The relative power of the venom of stings is largely a matter of the physical condition of the victim and of individual susceptibility, much as between those who are affected by poison ivy and those who are not. The food of the creatures may also exert a decided influence.
THE HAIRY SAND ANT PACKS A PUNCH
A number of years ago, in order to test the effect of bee sting on the tendency to neuritis, thought by some physicians to be a cure, a curious-minded person I know caught a honey-bee on summer woodland aster and with forceps compelled it to sting him on the leg. The result, oddly enough, for he had often been stung by honey-bees without effects worth mentioning, was almost as serious as would have been the bite of a small copperhead or a prairie rattler. He was laid up with a badly swollen and very painful limb for three days and now, after seventeen years, that calf of his leg swells considerably beyond normal every day, and reduces at night when not in use. I doubt if the toxicology of this trouble is understood. Had the food of this bee anything to do with the severity of the poison? It is known that summer aster yields honey that is slightly bitter; could it have influenced the secreted poison? Then again, the sting was allowed to remain in the flesh and slowly pump out all of its poison. In most cases people who are stung instantly and usually unconsciously remove the sting, so comparatively little poison is injected.

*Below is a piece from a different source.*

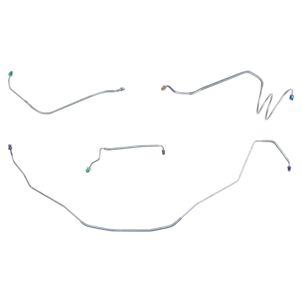 This preformed complete brake line kit will replace all the metal brake lines on your vehicle and includes the master cylinder lines, left front line and right-front crossover line, intermediate lines, and rear axle lines/trailing arm lines.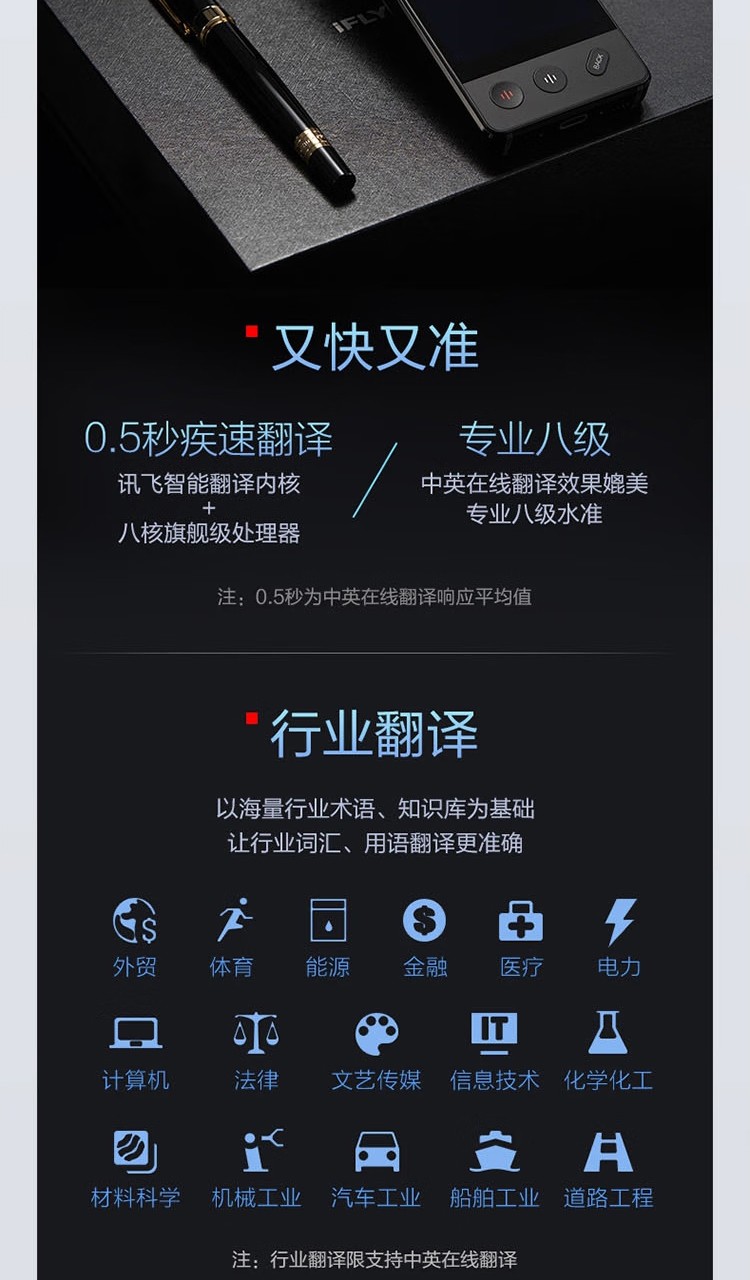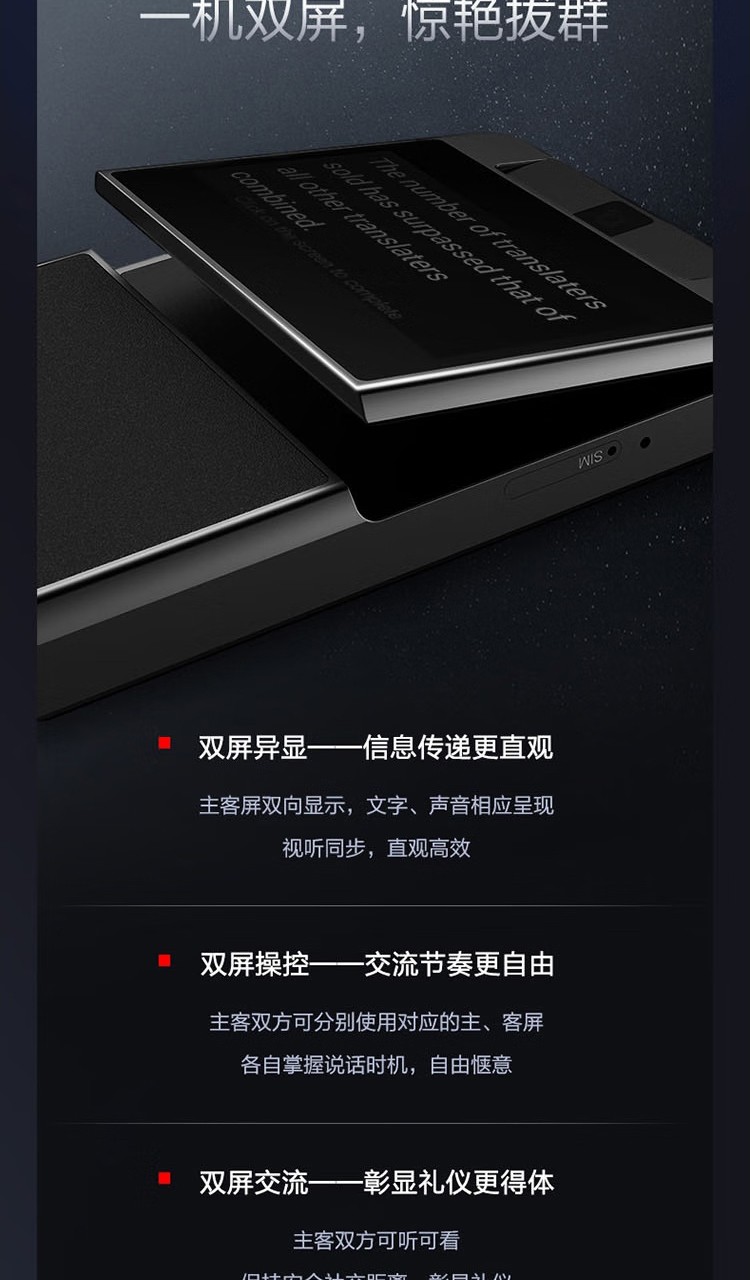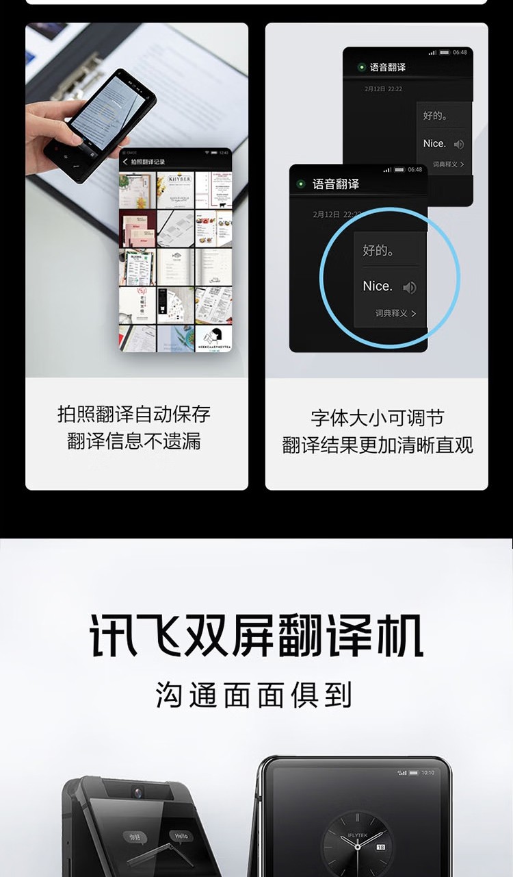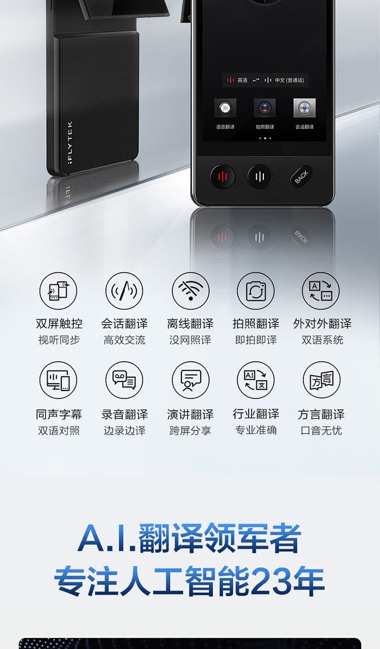 科大讯飞(iFLYTEK)双屏翻译机多语种离线翻译器 同声字幕翻译笔出国旅游口语实时翻译神器AIT-P10(商务黑)

The manner of stinging differs with Hymenoptera according to the position of the protruded weapon. The social wasps, Vespa and Polistes, and some of the solitary species, as the jug-maker, Eumenes, and the larger predacious forms, Sphex, Pompilus, Pepsis, Sphecius, Ammophila and their allies, give a direct thrust in line with the abdomen; the social bees and the solitary mud dauber wasps make their thrusts at right angles to the abdomen, the sting being pointed toward the dorsum, making it necessary for the abdomen to be curved under so as to bring its upper surface against the object to be stung.

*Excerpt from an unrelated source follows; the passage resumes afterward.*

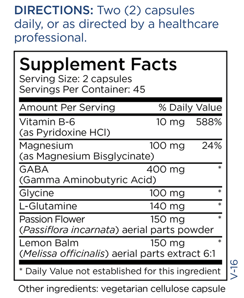 Anxiety Control Plus combines passionflower and lemon balm with a nutrient blend including GABA and L-glutamine, in support of the soothing GABA pathway. GABA is used by the body to mitigate the effects of excitatory neurochemicals. We’ve incorporated lemon balm, an herb with growing evidence to support calm, with constituents that may assist the GABA pathway. Use during a stressful day to support a relaxed sense of being. In the evening, ingredients like magnesium and glycine help quiet the mind, relax muscles, and improve sleep quality.

The bees do not constantly protrude their stings, even when captured; they flash them in and out repeatedly against the forceps. The wasps extend them for instant use, making constant efforts to sting. The mud-dauber when first captured tries to use its sting on the forceps, but finding the effort fruitless, it desists until teased. The stings of bees and solitary wasps are sheathed their full length; those of the social wasps are generally without these two-part scabbards and when not in use the stings are drawn into fleshy pockets above the muscle covered poison sacs.